I am very excited because my two hand raised cockatiels have hatched two little babies! It is amazing because the female is 8 years old and the male only 1 years old! I find this very funny, she is a cougar 

Anyway, I was wondering if somebody could please tell me what they think the chicks might turn out to be (colour).

So the mother is a basic grey BUT she has some white speckles on her head:










Here she is laying on her new babies:










Here is the father:










And here are the babies. They both have yellow fluff! So cute:




















So if anybody could take a guess at what colour they might be, I would be so appreciative!! Thanks soooo much


----------



## Injood (May 8, 2011)

i dunno about the color but you should really pput some bedding there 

cute babies <3


----------



## DyArianna (Aug 7, 2011)

Congrats on the new babies! Yes, definitely need to add 2 to 3 inches of shavings for bedding. Do NOT use pine though.

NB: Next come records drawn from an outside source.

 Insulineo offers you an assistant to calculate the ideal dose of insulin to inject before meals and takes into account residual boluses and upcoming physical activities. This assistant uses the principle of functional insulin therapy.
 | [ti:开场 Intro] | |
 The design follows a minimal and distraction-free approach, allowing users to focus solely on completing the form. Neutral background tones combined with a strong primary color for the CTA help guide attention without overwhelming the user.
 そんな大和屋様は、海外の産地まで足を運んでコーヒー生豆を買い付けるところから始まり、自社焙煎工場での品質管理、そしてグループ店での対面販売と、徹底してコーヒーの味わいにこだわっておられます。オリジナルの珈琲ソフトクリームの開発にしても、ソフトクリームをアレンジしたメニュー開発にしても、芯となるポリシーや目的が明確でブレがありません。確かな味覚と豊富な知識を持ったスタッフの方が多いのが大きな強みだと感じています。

If you do not, these babies will develop splayed legs and also run the risk of not staying warm enough. Please do this as soon as possible. Mom appears to be split to pied and possibly white face. Dad looks to be pearl split to pied and white face too. One of your babies looks like it will be a grey, based on the large grey spot where the eyes are. It's too early to tell if pearl or pied. The other one is having fun showing his/her backside.. so can't get a look at the eyes. Hope this helps some.


----------



## tielfan (Aug 31, 2008)

> Do NOT use pine though.


Pine is OK, it's cedar that you shouldn't use. Aspen is the best. Kaytee is a nice clean brand, some other brands have an excessive amount of dust which is bad. And like the others said - add bedding ASAP. You can usually find it in the small animal (rodent) department at pet stores.

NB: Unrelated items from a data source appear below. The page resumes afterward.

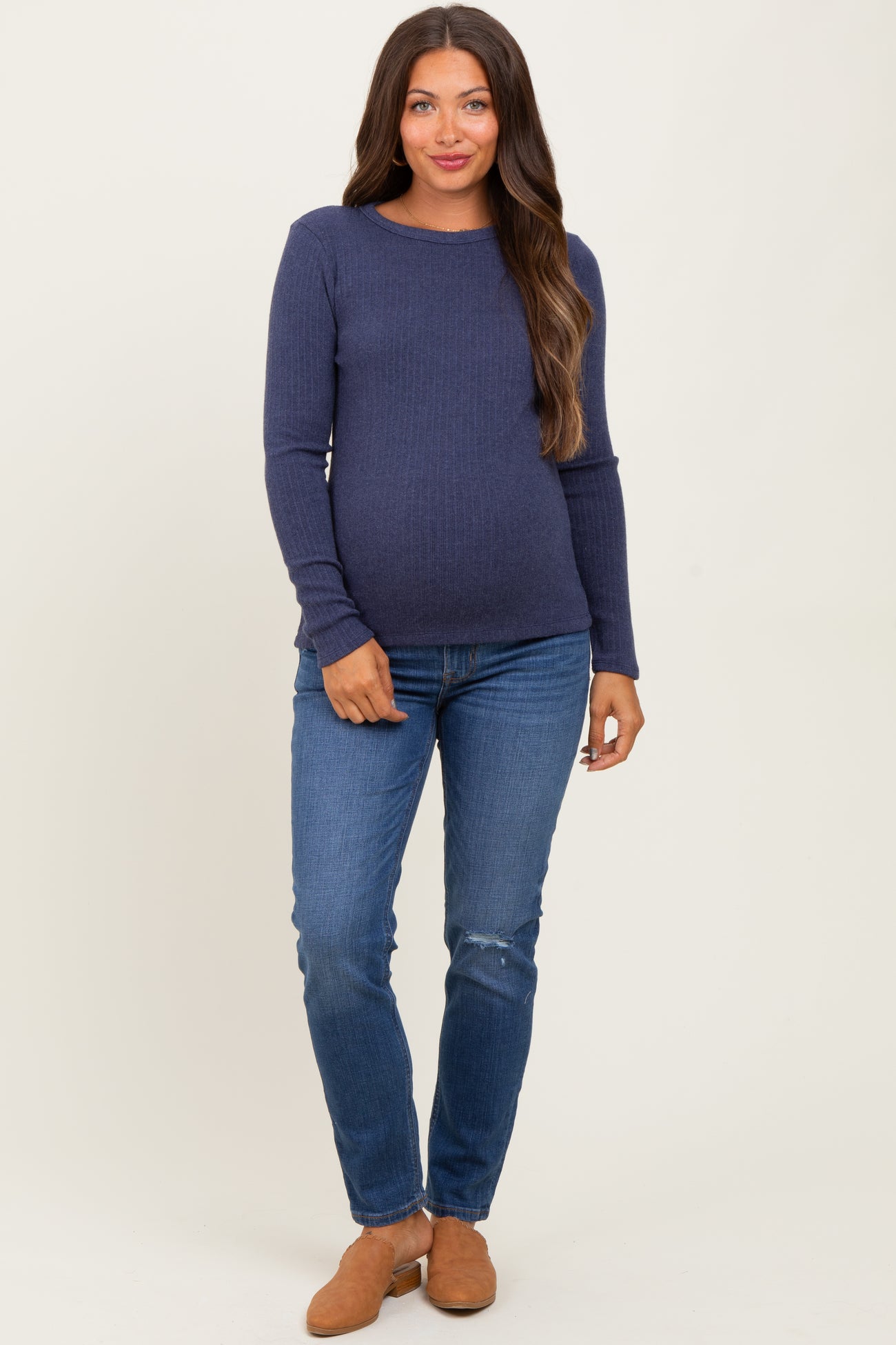 Navy Ribbed Knit Maternity Long Sleeve Top
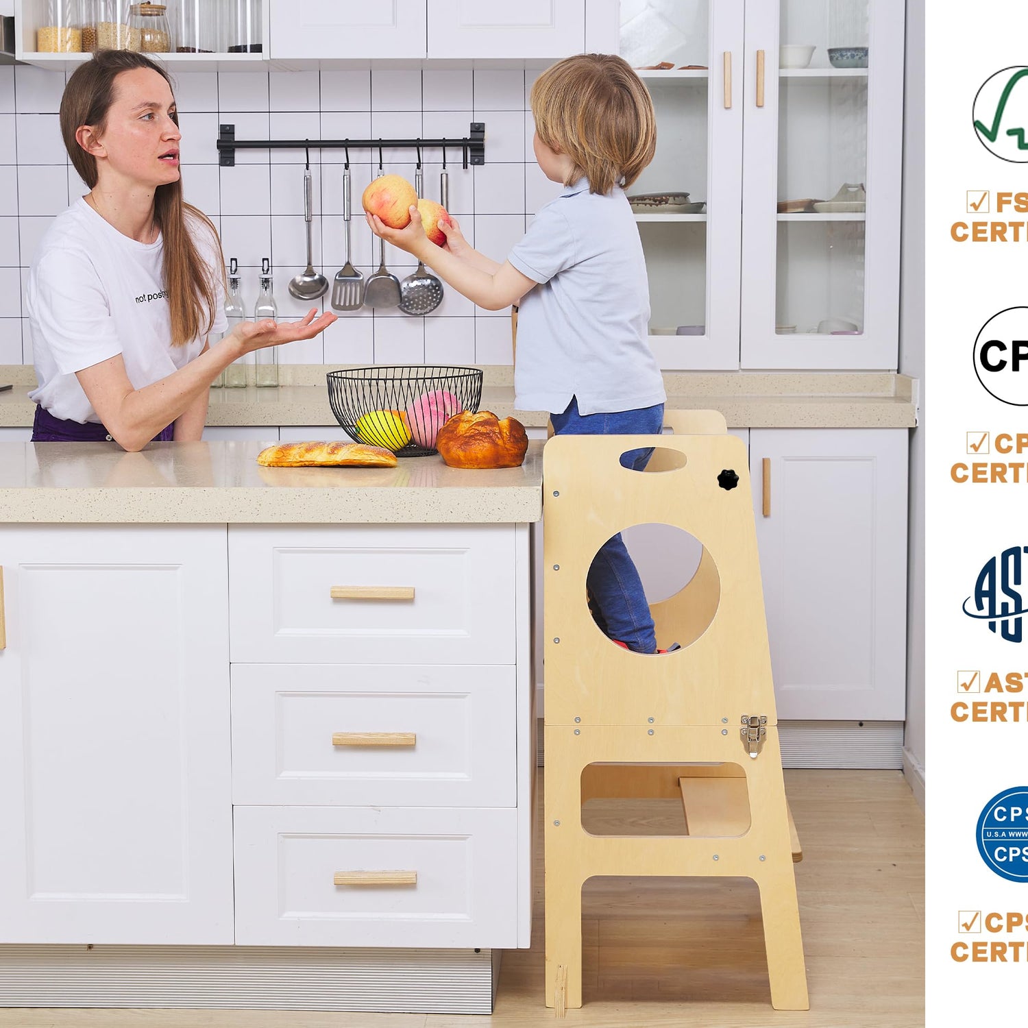 - ใKITCHEN STOOL HELPERใknown as a Study Tower or a Kitchen Tower, is a piece of Toddler Furniture designed to help young children safely participate in kitchen activities. it can provide a safe and stable platform for children to stand on so they can reach the countertop and participate in cooking or other kitchen tasks alongside adults. This can help children learn about food preparation, cooking, and kitchen safety, while also fostering independence and confidence
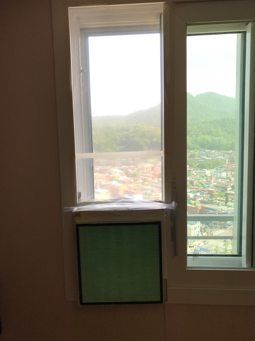 참고로 최근에 인터넷 커뮤니티 사이트를 통해서 사진처럼 환풍기를 이용한 양압환경이 유행이라고 합니다.즉 환풍기 앞이나 뒤에 헤파필터를 달고 급기하여 양압상태로 만드는 상황입니다.이 상태에서 반대쪽 창문을 1Cm정도 열어놓은상태에서  각종 기기를 이용하면 포름알데이드/라돈등을 측정하면 실내 오염물질이 배출되는 상황입니다.ㅎㅎ
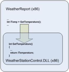 A 32-bit software product contains the main module WeatherReport which calls into the DLL WeatherStationControl. As long as both the main module and the DLL are 32-bit processes the product can run on both 32-bit and 64-bit platforms (inside WOW64). If both the main module and the DLL are migrated to the 64-bit platform, then they can both run in a native 64-bit process. However if only the main module is migrated to 64-bit, it will not be able to load the 32-bit DLL.
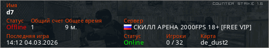 Играет на Counter Strike 1.6 сервере. Страна: РоссияПервый раз замечен 10:04 28.02.2026

Keep a close eye on the babies to make sure their leg development hasn't been affected already. Splay leg is treatable if you catch it while the babies are young and growing fast.

If the other eggs in the picture are fertile, the bedding will help keep them together and warm.

Your male is pearl and your hen is not, so all your female babies will be pearl and all your male babies won't be pearl. You'll know the sex when they feather out. You may get some pied babies too if your male is split (I can't see the tickmark myself, just pearl markings). You'll know if you have pied babies when they feather out. Neither of these babies is whiteface since whiteface babies are born with white fuzz not yellow. One baby has paler fuzz than the other so that one might be split whiteface.

If your male is split to lutino or cinnamon you could get girl babies in those colors. Lutinos are identifiable at birth since their eyes are the same color as their skin, very different than the big dark orbs of other chicks.


----------



## srtiels (May 1, 2009)

I've edited 2 of your pix's and put notations on them....click for a larger view.

In regards to your babies, it is too early to tell. Since the father is a pearl, any babies that are pearl will be female.

The grey baby split to pied (and pearl) is a male.


----------



## DyArianna (Aug 7, 2011)

Thanks for the correction Tielfan. I was always taught not to use the other also. Sometimes old habits are hard to knock off. lol


----------



## birdlover321 (Jan 17, 2012)

Hi everybody. I just want to say thank you all so much for all of your feedback! I listened to your advice and went in to the pet shop and bought some bedding. The pet shop owner recommended a good one to me. When I first put it in their box the parents were a little scared but now they seem happy! 

Once again thanks for all of the pictures and the advice. Lets hope the little guys turn out happy and healthy!


----------



## Injood (May 8, 2011)

keep us updated and photos of the babies <3


----------